The case involved a group of Canadian and non-resident companies controlled by Li Ka-Shing and his son, Victor Li. Through a series of transactions, two Canadian corporations within this group that had previously been parent and subsidiary became “sister” corporations, or corporations owned directly by the same non-resident shareholder. The nature of the amalgamation becomes relevant because of the tax treatment of paid-up capital (PUC), the capital invested in a class of shares of a corporation by its shareholders.

When that class of shares is redeemed by the corporation, the amount paid to shareholders includes an amount which is simply the return of capital (i.e. after-tax dollars invested in a corporation). This amount is not included in income as it has already been taxed. If the amount paid to shareholders exceeds the PUC (i.e. the amount invested), the excess amount is included in income as a dividend. It is in the interest of taxpayers, therefore, to structure their affairs so as to maximize the proportion of the payment which is attributable to PUC and thereby minimize the amount that is deemed to be a taxable dividend. This is exactly what Li Ka-Shing tried to do.

When corporations amalgamate, the general rule is that the PUC of the shares of both amalgamating corporations are aggregated to form the PUC of the new corporation. This does not apply, however, to an amalgamation involving a parent and subsidiary company (i.e. a vertical amalgamation). Upon amalgamation, the PUC of the shares of the subsidiary corporation owned by the parent company are cancelled to prevent the artificial inflation of PUC for tax purposes. Had the two Li companies remained as parent and subsidiary, the PUC of the shares of the subsidiary would have been cancelled on amalgamation.

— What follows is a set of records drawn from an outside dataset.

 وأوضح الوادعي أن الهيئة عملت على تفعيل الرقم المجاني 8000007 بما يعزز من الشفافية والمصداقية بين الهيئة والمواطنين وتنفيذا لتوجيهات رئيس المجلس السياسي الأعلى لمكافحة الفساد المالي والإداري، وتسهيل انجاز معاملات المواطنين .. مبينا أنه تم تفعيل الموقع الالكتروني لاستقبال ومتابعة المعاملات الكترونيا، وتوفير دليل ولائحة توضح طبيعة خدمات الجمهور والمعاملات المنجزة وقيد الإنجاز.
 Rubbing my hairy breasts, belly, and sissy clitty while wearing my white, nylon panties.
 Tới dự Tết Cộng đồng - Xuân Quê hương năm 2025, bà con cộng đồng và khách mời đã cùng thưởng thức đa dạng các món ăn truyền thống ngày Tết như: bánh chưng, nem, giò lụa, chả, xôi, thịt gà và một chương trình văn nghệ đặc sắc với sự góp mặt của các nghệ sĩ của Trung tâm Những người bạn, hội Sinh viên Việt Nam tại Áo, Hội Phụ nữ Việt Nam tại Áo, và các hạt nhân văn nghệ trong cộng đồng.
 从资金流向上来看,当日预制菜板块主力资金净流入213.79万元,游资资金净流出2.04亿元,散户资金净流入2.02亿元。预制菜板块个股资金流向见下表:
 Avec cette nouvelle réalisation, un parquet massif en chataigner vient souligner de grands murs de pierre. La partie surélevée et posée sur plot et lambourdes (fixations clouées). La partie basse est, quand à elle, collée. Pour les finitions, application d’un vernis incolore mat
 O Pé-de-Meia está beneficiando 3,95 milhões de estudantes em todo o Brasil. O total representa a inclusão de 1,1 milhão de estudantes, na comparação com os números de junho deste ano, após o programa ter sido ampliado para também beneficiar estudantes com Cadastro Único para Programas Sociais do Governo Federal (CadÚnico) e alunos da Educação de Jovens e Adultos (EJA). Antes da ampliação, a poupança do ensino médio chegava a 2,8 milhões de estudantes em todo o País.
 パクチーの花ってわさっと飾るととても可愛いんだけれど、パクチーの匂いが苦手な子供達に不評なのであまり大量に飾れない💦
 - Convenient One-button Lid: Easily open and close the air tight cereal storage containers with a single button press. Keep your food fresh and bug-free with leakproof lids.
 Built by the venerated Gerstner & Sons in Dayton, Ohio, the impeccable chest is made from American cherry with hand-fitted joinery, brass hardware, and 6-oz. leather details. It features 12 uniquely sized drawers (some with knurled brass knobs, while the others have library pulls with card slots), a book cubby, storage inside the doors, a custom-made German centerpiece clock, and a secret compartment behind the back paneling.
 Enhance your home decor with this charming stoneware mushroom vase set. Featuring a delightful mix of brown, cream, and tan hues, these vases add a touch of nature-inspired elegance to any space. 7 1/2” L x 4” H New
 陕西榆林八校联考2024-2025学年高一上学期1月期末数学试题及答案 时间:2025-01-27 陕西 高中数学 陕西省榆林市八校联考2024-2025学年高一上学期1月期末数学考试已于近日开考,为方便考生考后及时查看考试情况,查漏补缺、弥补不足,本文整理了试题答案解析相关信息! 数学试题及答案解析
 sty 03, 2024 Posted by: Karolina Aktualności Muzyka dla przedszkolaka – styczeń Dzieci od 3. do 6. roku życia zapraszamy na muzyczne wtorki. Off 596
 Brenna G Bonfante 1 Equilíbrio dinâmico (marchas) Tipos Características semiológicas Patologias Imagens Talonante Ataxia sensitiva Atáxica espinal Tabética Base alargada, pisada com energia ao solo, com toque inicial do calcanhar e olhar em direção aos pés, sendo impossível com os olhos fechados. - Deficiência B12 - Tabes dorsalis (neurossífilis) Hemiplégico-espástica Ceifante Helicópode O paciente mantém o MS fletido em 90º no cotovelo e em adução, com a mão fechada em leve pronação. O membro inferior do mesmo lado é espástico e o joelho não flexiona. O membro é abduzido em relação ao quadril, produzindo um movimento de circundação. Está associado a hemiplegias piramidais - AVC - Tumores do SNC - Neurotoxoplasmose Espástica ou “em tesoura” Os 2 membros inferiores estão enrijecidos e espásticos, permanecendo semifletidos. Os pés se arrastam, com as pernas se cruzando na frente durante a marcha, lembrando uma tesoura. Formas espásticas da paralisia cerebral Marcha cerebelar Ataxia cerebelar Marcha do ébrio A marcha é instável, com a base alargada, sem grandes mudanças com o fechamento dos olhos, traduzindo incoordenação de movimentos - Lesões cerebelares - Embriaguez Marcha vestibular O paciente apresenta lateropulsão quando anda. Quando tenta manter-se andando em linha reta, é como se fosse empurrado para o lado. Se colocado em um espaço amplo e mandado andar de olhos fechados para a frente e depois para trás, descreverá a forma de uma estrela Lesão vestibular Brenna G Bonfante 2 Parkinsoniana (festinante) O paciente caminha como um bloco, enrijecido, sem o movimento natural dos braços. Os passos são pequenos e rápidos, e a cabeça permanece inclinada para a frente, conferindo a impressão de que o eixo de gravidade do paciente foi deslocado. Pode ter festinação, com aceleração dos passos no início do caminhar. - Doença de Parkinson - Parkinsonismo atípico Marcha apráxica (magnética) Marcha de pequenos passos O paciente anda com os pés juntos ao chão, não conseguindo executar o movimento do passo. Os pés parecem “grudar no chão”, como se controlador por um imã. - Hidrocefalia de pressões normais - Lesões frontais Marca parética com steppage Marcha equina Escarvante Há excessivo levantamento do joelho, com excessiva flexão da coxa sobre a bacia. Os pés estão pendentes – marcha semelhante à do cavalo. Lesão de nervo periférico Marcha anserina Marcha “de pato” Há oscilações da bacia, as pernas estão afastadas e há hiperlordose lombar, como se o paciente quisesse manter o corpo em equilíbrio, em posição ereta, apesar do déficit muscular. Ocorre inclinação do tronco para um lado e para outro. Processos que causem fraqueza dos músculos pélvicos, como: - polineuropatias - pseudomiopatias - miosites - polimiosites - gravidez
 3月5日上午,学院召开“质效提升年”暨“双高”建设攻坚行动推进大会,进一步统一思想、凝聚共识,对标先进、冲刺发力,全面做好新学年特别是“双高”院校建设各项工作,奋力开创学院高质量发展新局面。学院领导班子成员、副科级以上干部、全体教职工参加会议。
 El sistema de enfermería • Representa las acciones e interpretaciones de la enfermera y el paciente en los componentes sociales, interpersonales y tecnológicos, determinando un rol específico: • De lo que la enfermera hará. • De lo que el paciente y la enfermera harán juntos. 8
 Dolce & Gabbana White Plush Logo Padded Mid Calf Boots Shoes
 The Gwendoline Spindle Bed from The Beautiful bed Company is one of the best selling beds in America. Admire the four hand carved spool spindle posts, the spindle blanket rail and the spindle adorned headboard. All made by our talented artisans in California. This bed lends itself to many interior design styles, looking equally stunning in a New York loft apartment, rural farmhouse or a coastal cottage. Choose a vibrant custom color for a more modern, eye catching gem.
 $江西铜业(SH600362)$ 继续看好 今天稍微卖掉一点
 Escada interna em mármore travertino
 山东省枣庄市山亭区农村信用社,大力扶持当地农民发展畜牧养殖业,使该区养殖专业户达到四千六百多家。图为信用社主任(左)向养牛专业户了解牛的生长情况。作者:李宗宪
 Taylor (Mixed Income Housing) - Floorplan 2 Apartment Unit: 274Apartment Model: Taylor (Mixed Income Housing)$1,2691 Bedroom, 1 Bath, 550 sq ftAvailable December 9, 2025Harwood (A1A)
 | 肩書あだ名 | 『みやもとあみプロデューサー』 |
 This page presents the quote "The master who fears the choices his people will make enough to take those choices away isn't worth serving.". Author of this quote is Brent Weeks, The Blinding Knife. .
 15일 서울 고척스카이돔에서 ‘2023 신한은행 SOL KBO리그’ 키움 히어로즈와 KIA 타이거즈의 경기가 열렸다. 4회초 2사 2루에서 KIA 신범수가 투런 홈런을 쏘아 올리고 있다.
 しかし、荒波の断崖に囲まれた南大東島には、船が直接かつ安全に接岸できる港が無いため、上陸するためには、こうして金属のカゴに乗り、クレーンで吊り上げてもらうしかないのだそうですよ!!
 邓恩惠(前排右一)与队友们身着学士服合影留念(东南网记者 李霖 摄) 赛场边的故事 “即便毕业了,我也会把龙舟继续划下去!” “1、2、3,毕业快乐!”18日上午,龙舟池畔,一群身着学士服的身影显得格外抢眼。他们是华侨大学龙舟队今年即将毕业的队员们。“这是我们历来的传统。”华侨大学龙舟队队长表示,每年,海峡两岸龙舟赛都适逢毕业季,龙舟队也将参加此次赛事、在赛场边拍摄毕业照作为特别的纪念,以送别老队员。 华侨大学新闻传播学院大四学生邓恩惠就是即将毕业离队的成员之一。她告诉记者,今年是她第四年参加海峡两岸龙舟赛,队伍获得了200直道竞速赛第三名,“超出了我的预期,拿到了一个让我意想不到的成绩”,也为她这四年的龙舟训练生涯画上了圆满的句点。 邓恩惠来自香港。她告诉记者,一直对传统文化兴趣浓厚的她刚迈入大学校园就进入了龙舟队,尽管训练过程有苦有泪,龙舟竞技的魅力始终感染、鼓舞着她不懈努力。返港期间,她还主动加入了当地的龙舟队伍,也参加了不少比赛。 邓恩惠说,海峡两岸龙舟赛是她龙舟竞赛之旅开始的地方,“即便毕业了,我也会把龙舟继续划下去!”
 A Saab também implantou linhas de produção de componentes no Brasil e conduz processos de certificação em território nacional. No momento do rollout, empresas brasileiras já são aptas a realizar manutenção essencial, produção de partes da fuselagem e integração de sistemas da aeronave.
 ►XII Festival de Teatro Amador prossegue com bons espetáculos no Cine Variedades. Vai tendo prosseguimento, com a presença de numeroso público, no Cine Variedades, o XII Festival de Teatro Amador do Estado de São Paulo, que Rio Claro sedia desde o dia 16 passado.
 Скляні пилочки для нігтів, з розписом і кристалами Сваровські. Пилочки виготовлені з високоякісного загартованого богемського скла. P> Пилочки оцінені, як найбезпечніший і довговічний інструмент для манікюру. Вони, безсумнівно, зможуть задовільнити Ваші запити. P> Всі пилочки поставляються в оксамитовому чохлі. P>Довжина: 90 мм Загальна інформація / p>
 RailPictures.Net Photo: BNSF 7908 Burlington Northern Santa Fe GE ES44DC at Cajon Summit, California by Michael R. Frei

Since the two corporations had become sister corporations, the PUC was not cancelled and the amalgamated corporation proceeded to redeem a large portion of its shares to the non-resident shareholder.

The payment was treated by the taxpayer as a return of capital and thus not taxable income. Despite the fact that there is no specific provision in the Act requiring inclusion of the payment in income, the Minister of National Revenue deemed the transactions abusive within the meaning of GAAR and concluded that a deemed dividend arose on the redemption of the shares amounting to $58,325,223. The re-assessment was upheld by the Tax Court and the Federal Court of Appeal.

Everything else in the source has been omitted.